▶ **Your instructions**: Restate the following data in its entirety, word for word and without images.

▶ **Data**:

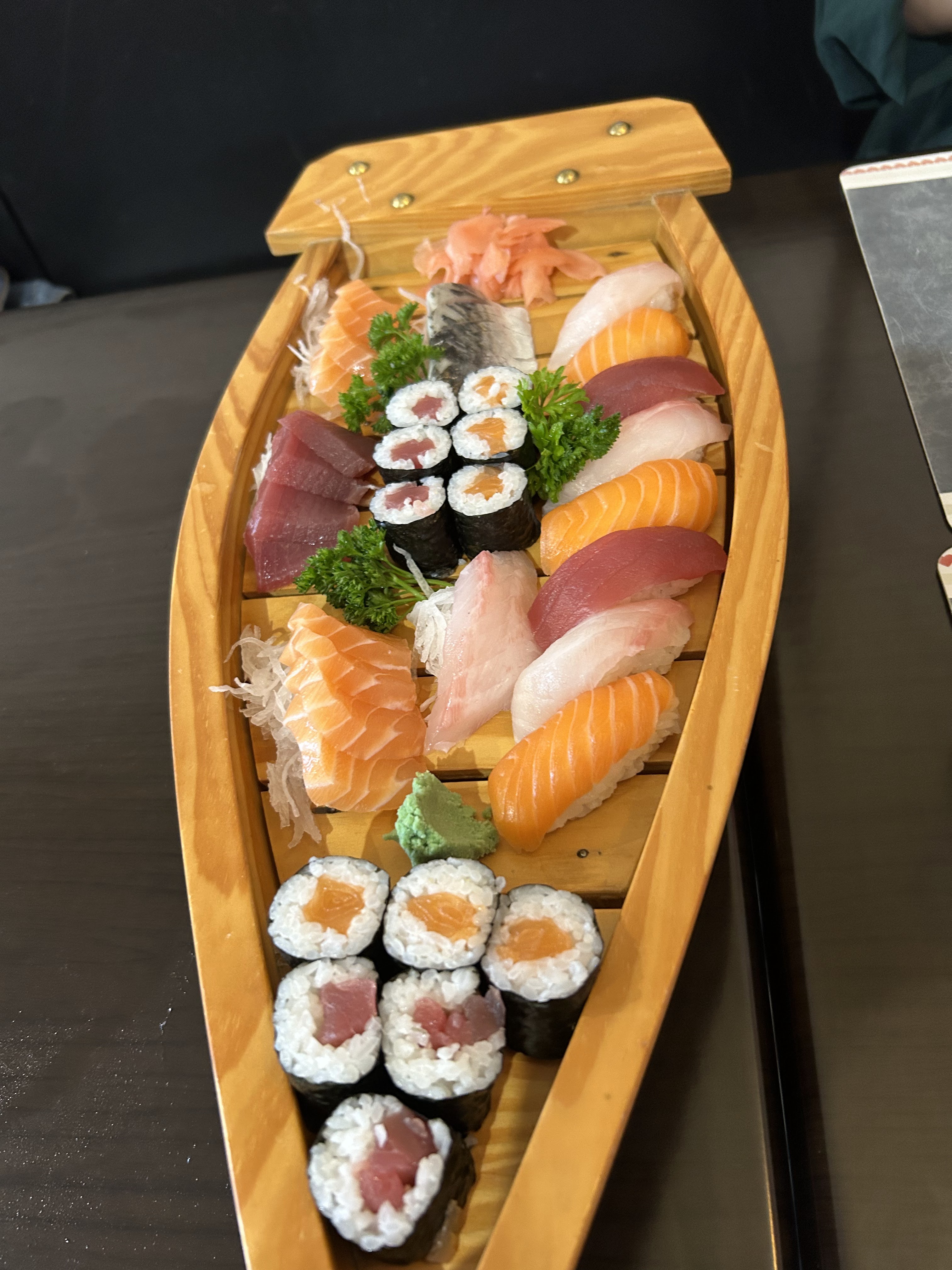 Rien de spécial. Au vue des avis élogieux nous sommes venus dîner. Franchement rien d'exceptionnel, dans la moyenne. Le cadre est pas beau à voir, la porte des toilettes reste ouverte tous le temps. Maki standard, même un peu gras, les nems et brochettes bonnes mais rien de spécial.
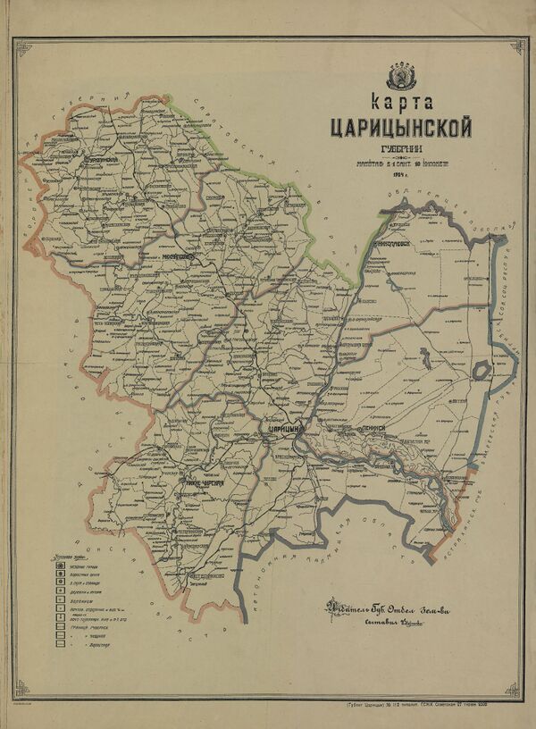 «Город Царицын стоит при конце линии (сторожевой). На самом волжском берегу, обведён земляным валом, с раскатами с трёх сторон, а четвёртую сторону защищает его река Волга. Строение в нём все деревянное, включая 3 каменные церкви: Купечество в нём зажиточное, и большой его доход состоит в рыбных промыслах. Бедные жители питаются от посева дынь и арбузов, которые вкусом и астраханские превосходят: Другую отрасль бедным царицынским жителям предлагают дикие яблоки, а особливо терновник. Виноградные сады в Царицыне не с худым успехом разводятся: В числе первейших полезных заведений в соседстве с Царицыном должно почитать шёлковую казённую фабрику. Она заведена в верстах семи от ахтубинского верхнего устья и имеет все желаемые выгоды. К ней приписаны две слободы, которые поблизу и поселены».
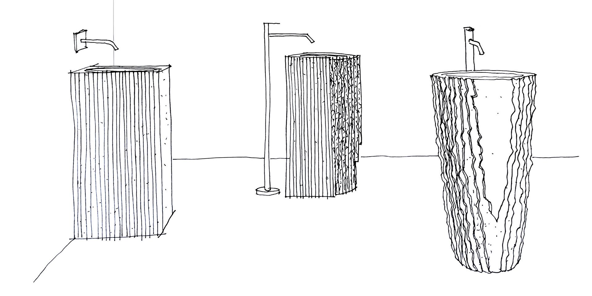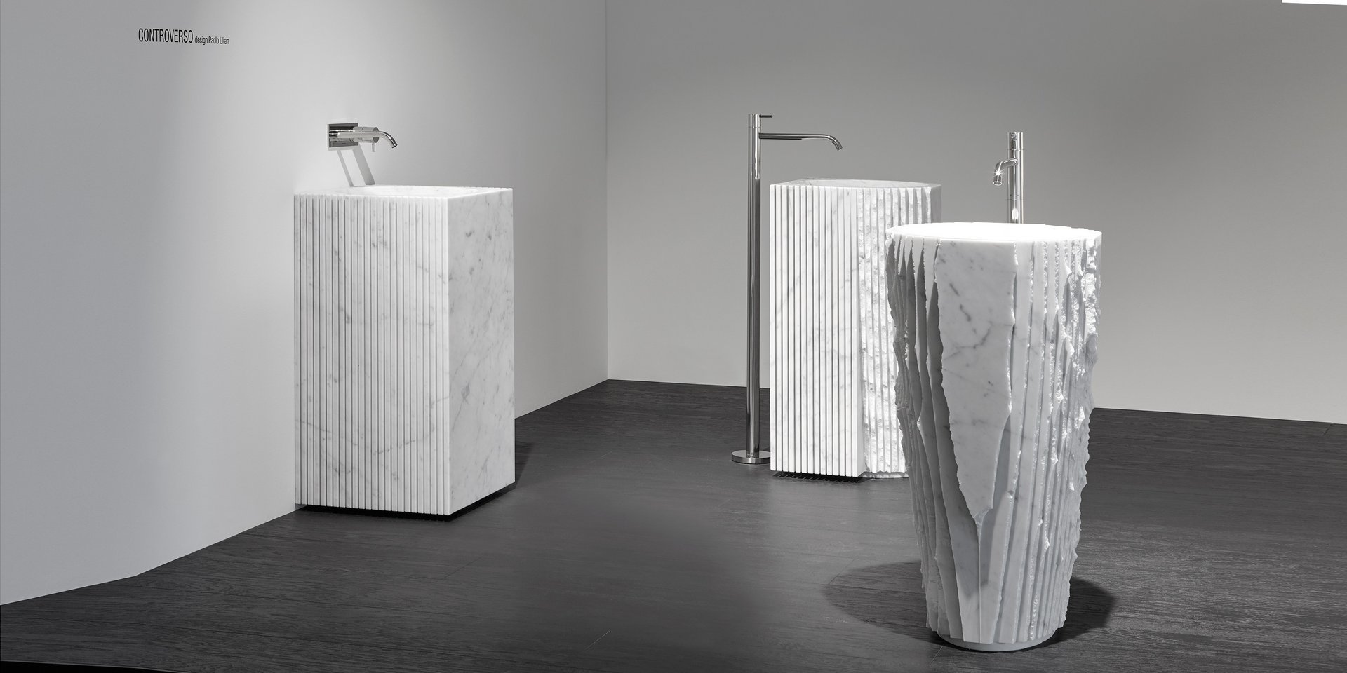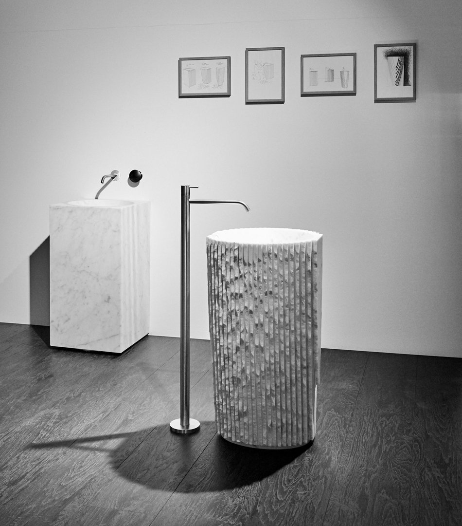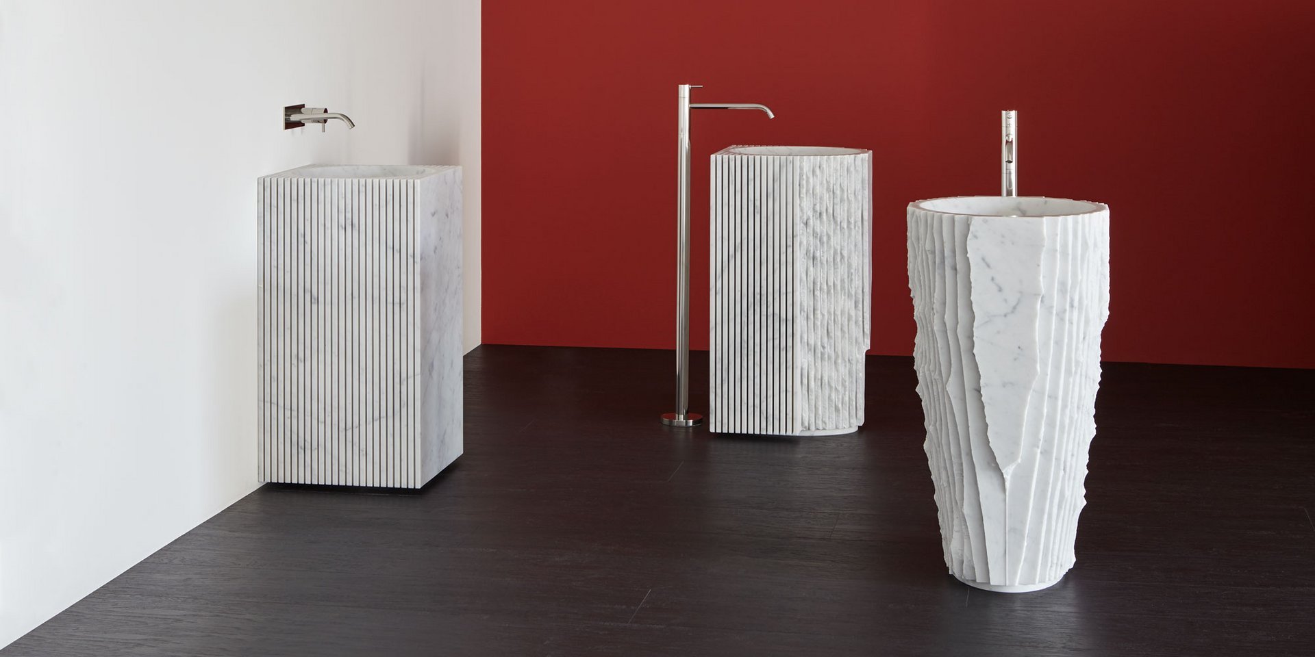 Freestanding stone sink, complete with drain pipe fitting and open plug, trap and flexible hose.
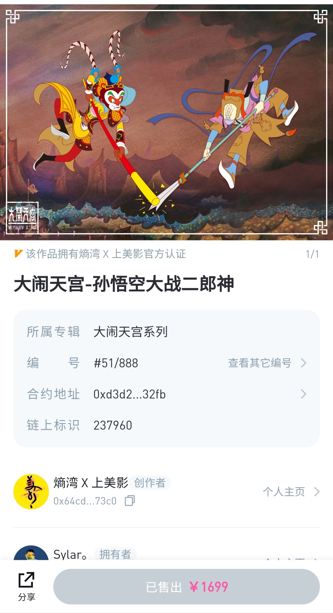 NFT譯為“非同質化通證”,每件作品一經NFT化都具有獨一無二的身份,所有權只能被一位買家擁有。所有權記錄在區塊鏈上,保證真實可驗,不用擔心買到贗品,也解決了盜版問題。

▶ **Response to the exercise**:
 Rien de spécial. Au vue des avis élogieux nous sommes venus dîner. Franchement rien d'exceptionnel, dans la moyenne. Le cadre est pas beau à voir, la porte des toilettes reste ouverte tous le temps. Maki standard, même un peu gras, les nems et brochettes bonnes mais rien de spécial.
 «Город Царицын стоит при конце линии (сторожевой). На самом волжском берегу, обведён земляным валом, с раскатами с трёх сторон, а четвёртую сторону защищает его река Волга. Строение в нём все деревянное, включая 3 каменные церкви: Купечество в нём зажиточное, и большой его доход состоит в рыбных промыслах. Бедные жители питаются от посева дынь и арбузов, которые вкусом и астраханские превосходят: Другую отрасль бедным царицынским жителям предлагают дикие яблоки, а особливо терновник. Виноградные сады в Царицыне не с худым успехом разводятся: В числе первейших полезных заведений в соседстве с Царицыном должно почитать шёлковую казённую фабрику. Она заведена в верстах семи от ахтубинского верхнего устья и имеет все желаемые выгоды. К ней приписаны две слободы, которые поблизу и поселены».
 Freestanding stone sink, complete with drain pipe fitting and open plug, trap and flexible hose.
 NFT譯為“非同質化通證”,每件作品一經NFT化都具有獨一無二的身份,所有權只能被一位買家擁有。所有權記錄在區塊鏈上,保證真實可驗,不用擔心買到贗品,也解決了盜版問題。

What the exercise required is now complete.